Себастьян глядит на пальцы, сжимающие его запястье. Сейчас они с Оскаром впервые за этот вечер взглянут друг другу в глаза. Несколько секунд они будут смотреть друг на друга, не отводя глаз. Напряженные черты Оскара расслабятся. Затем он лихорадочно будет искать новую сигарету и молча закурит.

— Я не читал эту книгу, — говорит Себастьян.

Пол под ногами затрясся: в комнату врывается Лиам. Налетев со всего разбега на Оскара, он обхватывает его руками за пояс и встает разутыми до носков ногами на его начищенные до глянца венгерские штиблеты. Рука Оскара торопливо выпускает запястье Себастьяна.

— Что же ты, так и будешь весь вечер меня клевать? — спрашивает Себастьян. — Только за то, что я напечатал статью в «Шпигеле»?

— С фотографией, — говорит Лиам.

— Mais non![10] — говорит Оскар, погладив по голове Лиама.

Отдельные волоски встопорщились под воздействием электростатического заряда, скопившегося на его ладони.

— Для меня всегда будет радость — навестить тебя и заглянуть в твою жизнь.

Они еще разок обмениваются беглым взглядом, между тем как Лиам дергает Оскара за рукав свитера, чтобы заставить сойти с места.

— Ну, вперед, топай уж, квантопод! — подгоняет он и радуется, что Оскар засмеялся.

Став двухголовым существом с одной парой ног, они вперевалку направляются к столу.

— Кстати, у меня кое-что для тебя есть, — через плечо говорит Оскар Себастьяну. — Я официально бросаю тебе перчатку.

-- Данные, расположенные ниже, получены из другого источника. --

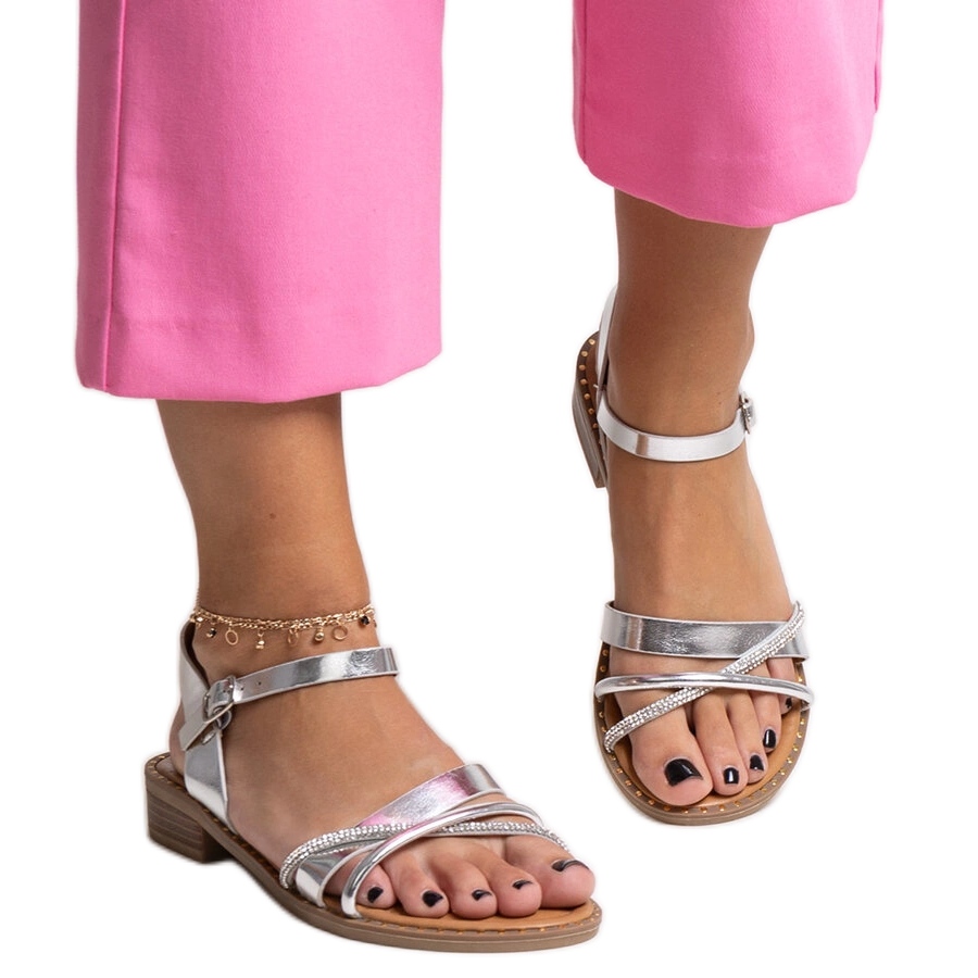Silverfärg och subtila strass ger sandalerna en speciell glöd, tack vare vilken du kommer att skapa oförglömliga stiliseringar, både dagligen och för speciella tillfällen. Dessutom tillåter spännet ett enkelt och snabbt fästelement, vilket säkerställer bekvämlighet med användning och säkerhet att sandalerna kommer att förbli på plats även under intensiva sommaraktiviteter.

Он делает с Лиамом еще один круг возле стола и по знаку Майки, которая зажигает свечи, усаживается на указанный ею стул, хотя, конечно, и сам давно знает, где ему следует сесть.

— Перчатку! — бормочет задержавшийся у окна Себастьян. — И я даже знаю, кто из нас будет выбирать оружие.

Глядя на кроны каштанов, в которых расчирикались воробьи, он подумал: интересно, что получится, если записать их чириканье на пленку и затем проиграть ее задом наперед, — не возникнут ли из птичьего щебета человеческие слова? Бесконечный поток речи. По роману в день на каждого воробья.